A revolução de saber das coisas

Marta Barcellos, Digestivo Cultural

“Uma amiga, de 24 anos, estranhou quando lhe contei ter evitado as palavras "ditadura" e "golpe" ao entrevistar alguns velhinhos para um livro. A nossa conversa, vale ressaltar, aconteceu antes da "ditabranda", infeliz expressão cunhada pela Folha de São Paulo em um editorial, que serviu pelo menos para presenciarmos uma reação dos sempre calados intelectuais brasileiros.

Pois bem. No meu caso, a intenção não era polemizar ou opinar sobre a ditadura. Ao contrário, eu apenas pretendia entrevistar senhores que imaginava serem bem conservadores naqueles anos, e a política servia como mero pano de fundo do assunto principal ― o mercado de capitais da época. Intuitivamente, expliquei à amiga, busquei um termo mais neutro, "regime militar", para formular minhas perguntas, sem que isso representasse um problema para mim nem um risco para o andamento da entrevista. Como ela é recém formada, e eu já tenho uns bons anos de estrada, falei da importância de o jornalista se "mimetizar" em determinadas situações ― defendi que vale apelar para a indumentária, usar jargões, enfim, buscar uma identificação que quebre o "gelo" ou a resistência do entrevistado.

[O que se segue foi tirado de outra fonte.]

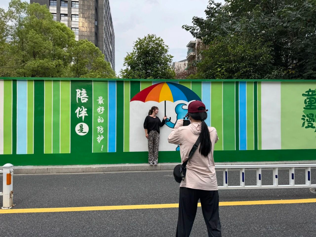 “你看这面墙,以前斑驳掉皮,路过都想绕着走,现在成了孩子们上学路上的‘打卡点’,我们买菜路过也总忍不住多看两眼!”家住五福二苑的王阿姨指着钱环支路的墙绘,难掩欣喜。

― Mas eu não conseguiria jamais usar a expressão "revolução", porque aí seria demais para mim ― ressaltei. Se o diálogo acontecesse algumas semanas depois, teria brincado que "ditabranda" eu não falaria nem sob tortura.

O fato é que quando mencionei "revolução", o espanto da minha amiga me chocou: ela nunca soube que o golpe militar foi chamado assim por seus idealizadores. Muito menos que a palavra ainda é usada por alguns militares e velhinhos conservadores. Aprendeu nos livros de história todos os detalhes do golpe, e ponto final. Vou falar o quê? Os livros estão corretíssimos, a discussão "golpe ou revolução" tornou-se completamente obsoleta com a vitória final da democracia, mas mesmo assim fiquei pensando se seus professores não deveriam ter destacado a tentativa semântica de dar um cunho popular à ação tramada dentro dos quartéis.”